Northport interim superintendent Thomas Caramore , center, and board president...

Northport interim superintendent Thomas Caramore , center, and board president Julia Binger, second from left, speak during a meeting of the Northport School board at the William J. Brosnan school in Northport on the evening of March 2, 2015. Credit: Newsday / Thomas A. Ferrara

Full-day kindergarten in the Northport-East Northport School District is closer to becoming a cheaper-than-expected reality, after more than a decade of parents fighting for the expansion.

In presenting a $159.7 million budget proposal Monday night, Interim Superintendent Thomas Caramore received wild applause when he announced his plan, including $825,000 to extend kindergarten.

Caramore received more applause when he said it amounted to a $554,343 -- or 0.348 percent -- budget increase year-over-year.
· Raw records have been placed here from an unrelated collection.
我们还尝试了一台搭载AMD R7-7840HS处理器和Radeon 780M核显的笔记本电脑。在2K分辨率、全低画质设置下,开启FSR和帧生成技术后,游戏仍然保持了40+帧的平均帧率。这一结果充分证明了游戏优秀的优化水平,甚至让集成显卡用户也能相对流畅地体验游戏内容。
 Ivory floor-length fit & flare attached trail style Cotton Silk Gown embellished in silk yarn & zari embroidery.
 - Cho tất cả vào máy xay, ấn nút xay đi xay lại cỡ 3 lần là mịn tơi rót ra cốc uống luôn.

There was concern that all-day kindergarten might force the district to bust the state tax cap.

It was "absolutely" made possible by the elimination of nine positions, including six education jobs, Caramore said, along with other trims. It also helped that teacher retirement costs dropped more than $2 million.

District teachers union president Antoinette Blanck said she expects minimal impact on her ranks. "It's really not two teachers that are being cut. It's the equivalent of two teachers," she said. "It's possible that some people will be excessed from full time teaching positions to part time."
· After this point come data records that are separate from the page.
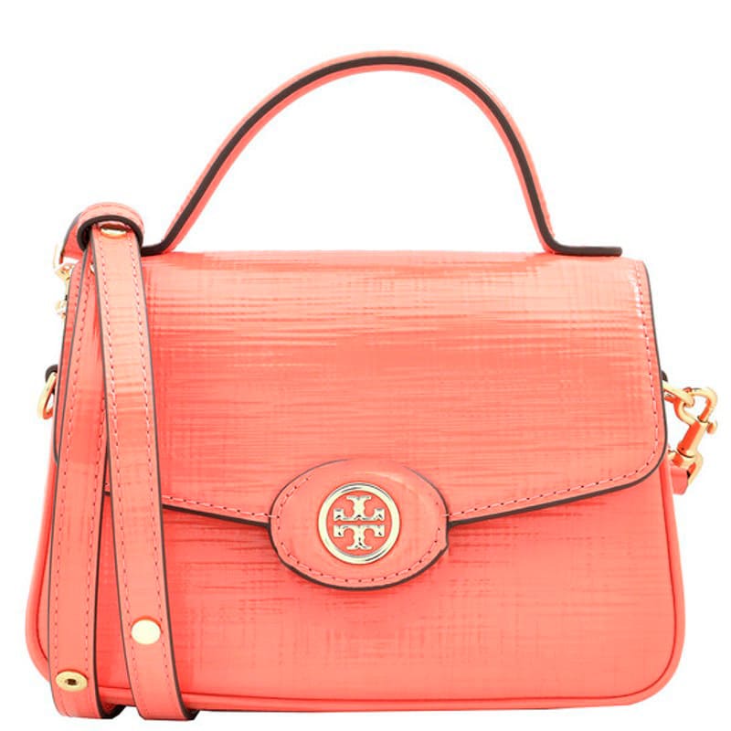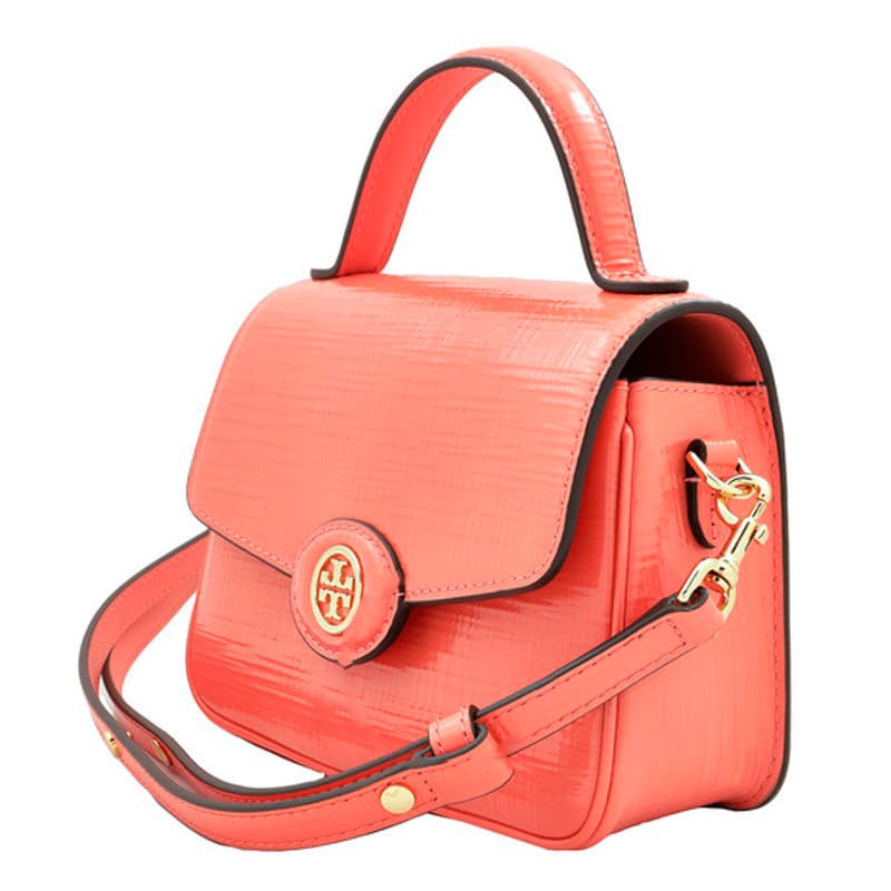 A Tory Burch Bolsa Handle Coral Crush Robinson Small TopHandle interpreta o estilo Handle em design de mão, com estrutura gráfica com presença, feminina e firme. Com alça de mão.
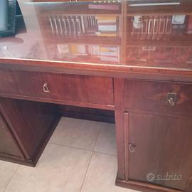 Scrivania in legno, prodotto artigianale .Dotata di tre cassetti e due sportelli sul davanti , due sportelli sul retro . Misure cm 140 / 71 h cm 82 . Non si effettua spedizione .
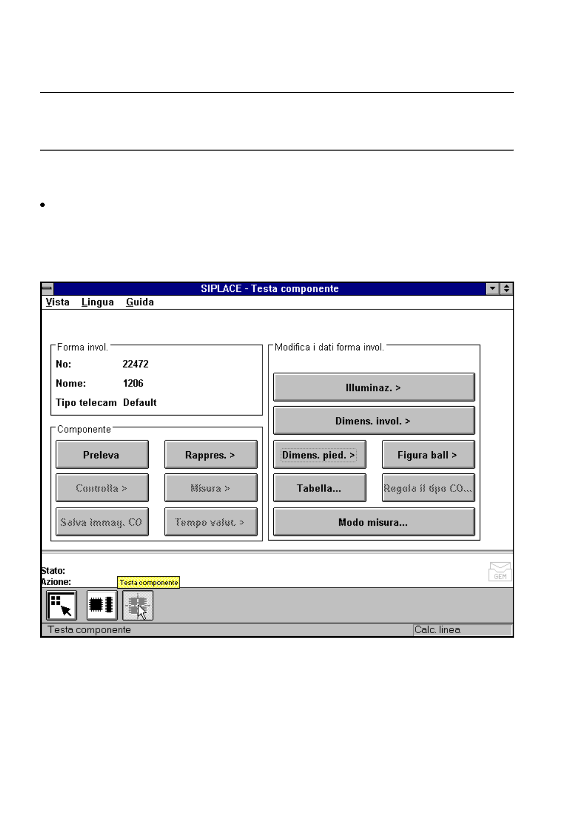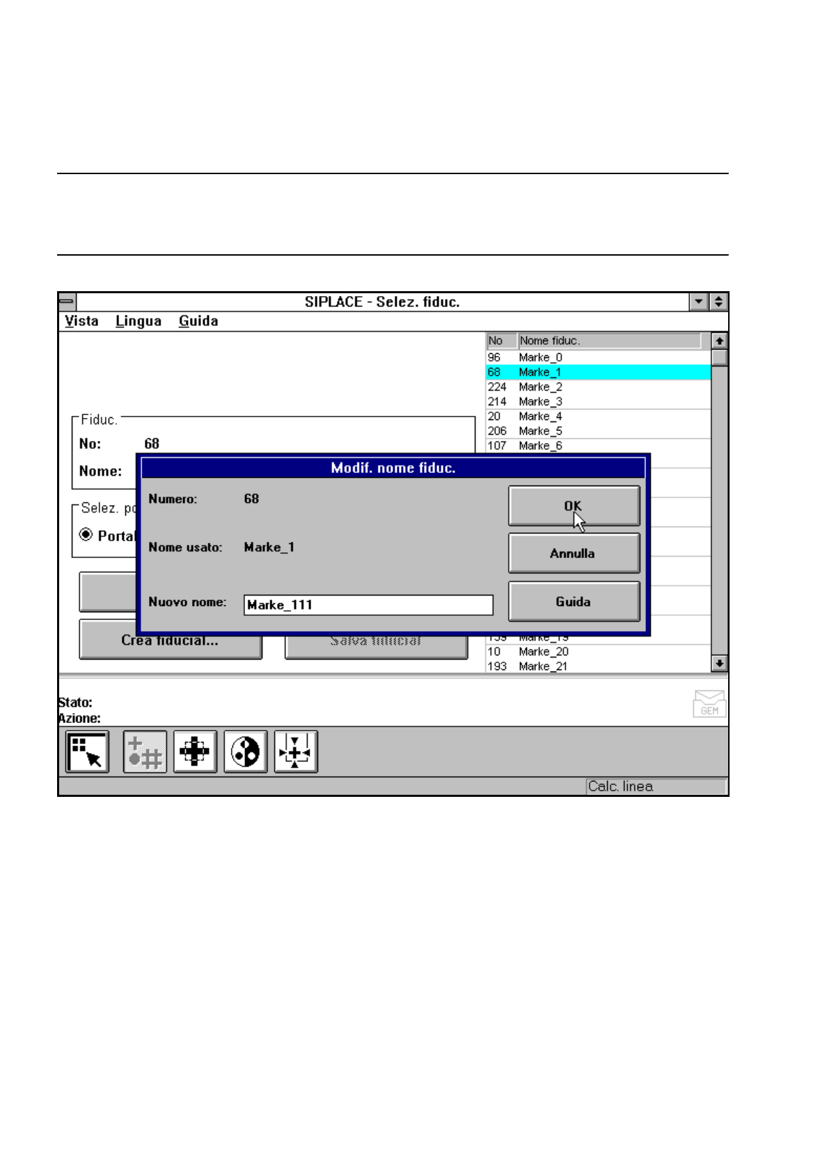 Istruzioni per l’uso SIPLACE 80S -20/F4/F4-6 5 Funzioni Vision Edizione 07/97 Versione software dalla SR.403.xx 5.6 Testa componente Preparato re 5 - 75 5.6.3. 3 O pzione „S alva GF“ Con questa opz ione av rete la poss i…

Blanck said it's likely attrition will absorb two special ed teaching jobs and two teaching assistant jobs.

"This is a really good example of how this unit of government should work," said David Stein, a parent who helped spearhead community support for full-day kindergarten.

Northport is one of 18 districts in the state, including six on Long Island, that do not have full-day kindergarten, said the state education department.
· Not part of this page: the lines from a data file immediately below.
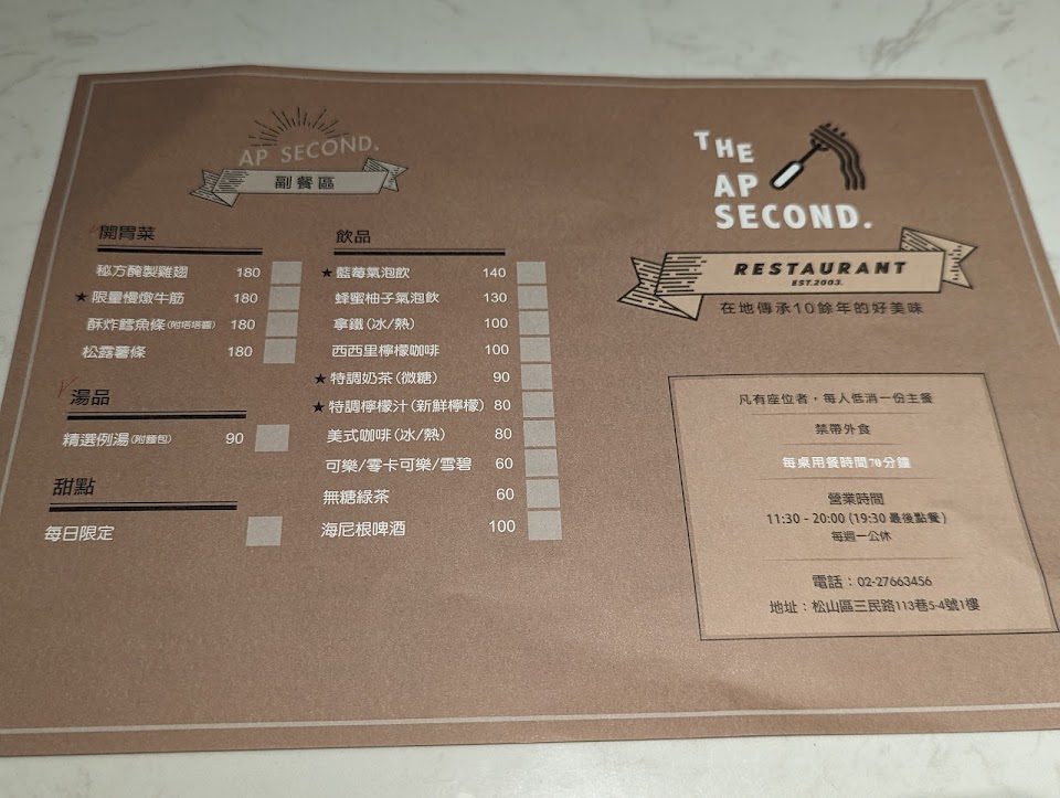 2024最新在地推薦餐廳的菜單_THE AP SECOND(All Pasta)的菜單、圖片
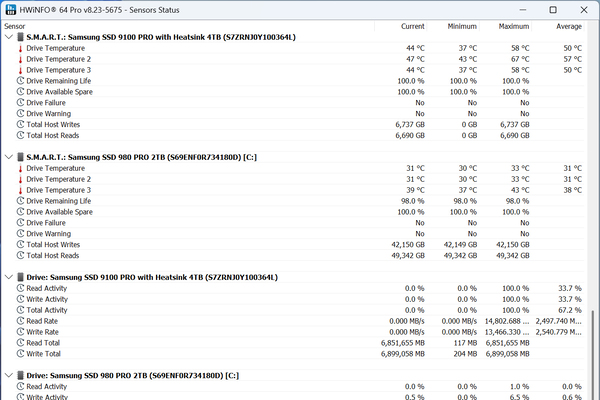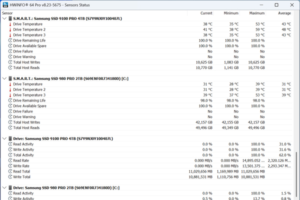 9100 PROは、「HWiNFO64 Pro」上で3つの温度センサーを検出していた。「Drive Temperature 2」はコントローラーと思われ、「Drive Temperature」と、「Drive Temperature 3」はNANDチップで同じ温度となっていた。
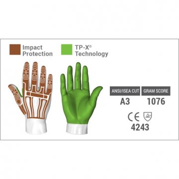 - Durable TP-X' palm with reinforced stitching pattern provides the ultimate dexterity and grip in wet/dry applications
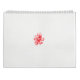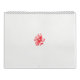 Le design présente une représentation graphique d'une fleur avec de nombreux pétales. Les pétales sont dépeints avec des traits de griffes rouges, donnant l'impression d'un croquis ou d'une peinture abstraite. Au centre, un motif circulaire dans les tons rose et violet évoque le coeur de la fleur. L'arrière - plan est blanc clair, ce qui contraste avec le rouge vif des pétales.
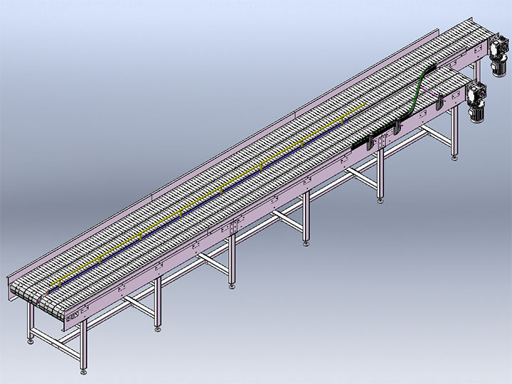 链板输送机是一种以标准链板为承载面,由马达减速机为动力传动的传送装置。链板式输送机,由动力装置(电机)、传动轴、滚筒、张紧装置、链轮、链条、轴承、润滑剂、链板等等构成。其中带动物料的输送的主要的两个部分为:链条,利用它的循环往复运动提供牵引动力;金属板,作为输送过程中的承载体。可以通过多列链板并行,使链板输送机做的很宽并形成差速,利用多列链板的速度差使多列输送在无挤压的情况下变为单列输送,从而满足饮料贴标、灌装、清洗等设备的单列输送的要求,我们可以将两条链板输送机的头尾部做成重叠式的混合链使得瓶(罐)体处于动态过度状态,使输送线上不滞留物料,可以满足空瓶以及实瓶压力和无压力输送。
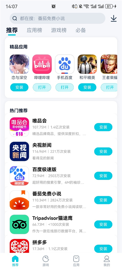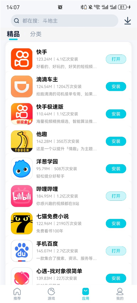 应用、游戏、工具、社交分栏摆开,顶部搜索栏输关键词秒出结果,模糊匹配也能找到目标。
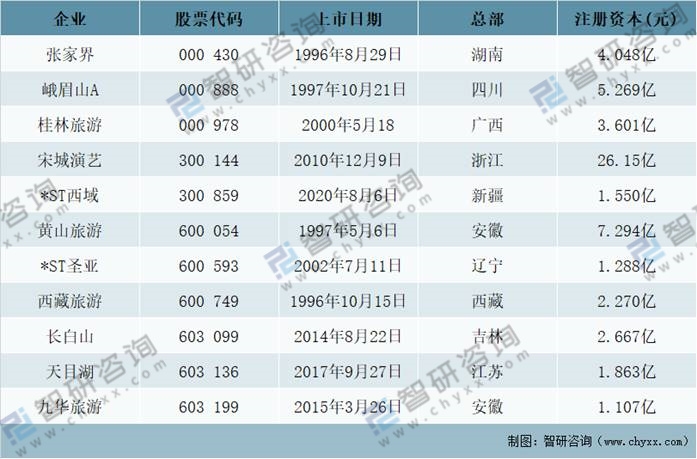 中國旅游景區行業重點上市企業基本情況
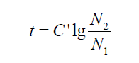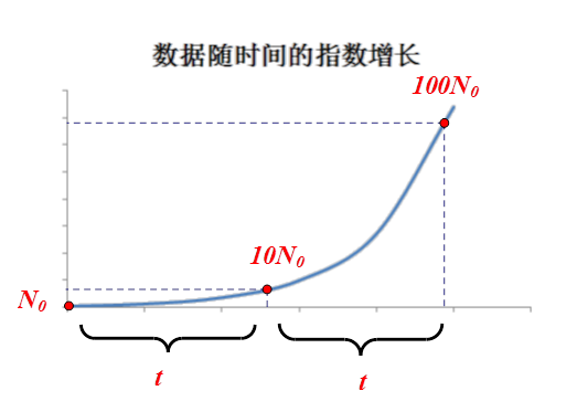 这是一个指数型函数,随着时间的推移,数据会指数长大。而且,指数型函数有一个特点:数据从N1增长到N2的时间与两个数据的比有关:
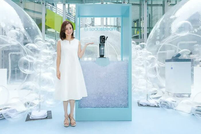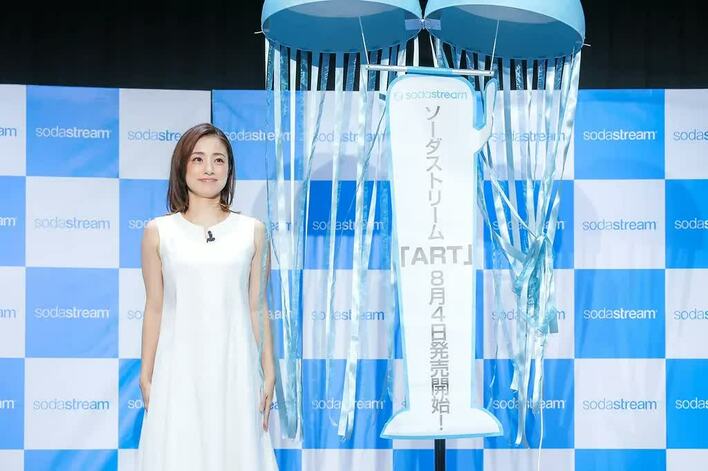 上戸彩さんが、8月4日に行われた、炭酸水メーカーの「ソーダ―ストリーム ART 新製品発表会」に出席しました。

Each elementary student spot costs the district $80,000 a year. The district will have a total of four new elementary spots in 2015-2016, according to BOCES numbers. BOCES officials said there is also a possibility that as many as seven student spots could be added. Ultimately, the overall impact could be between $320,000 and $880,000, depending on how many new elementary students enroll.

Caramore said district officials do not know how much they will get in "one-shot" state aid for expanding to full-day.

Also unknown is overall state funding, which will increase between $370 million and more than $1 billion statewide.

Caramore said he built his budget on the assumption the district would receive the least possible state aid."You can't gamble on that," he said, adding he was confident the district would come in under the tax cap.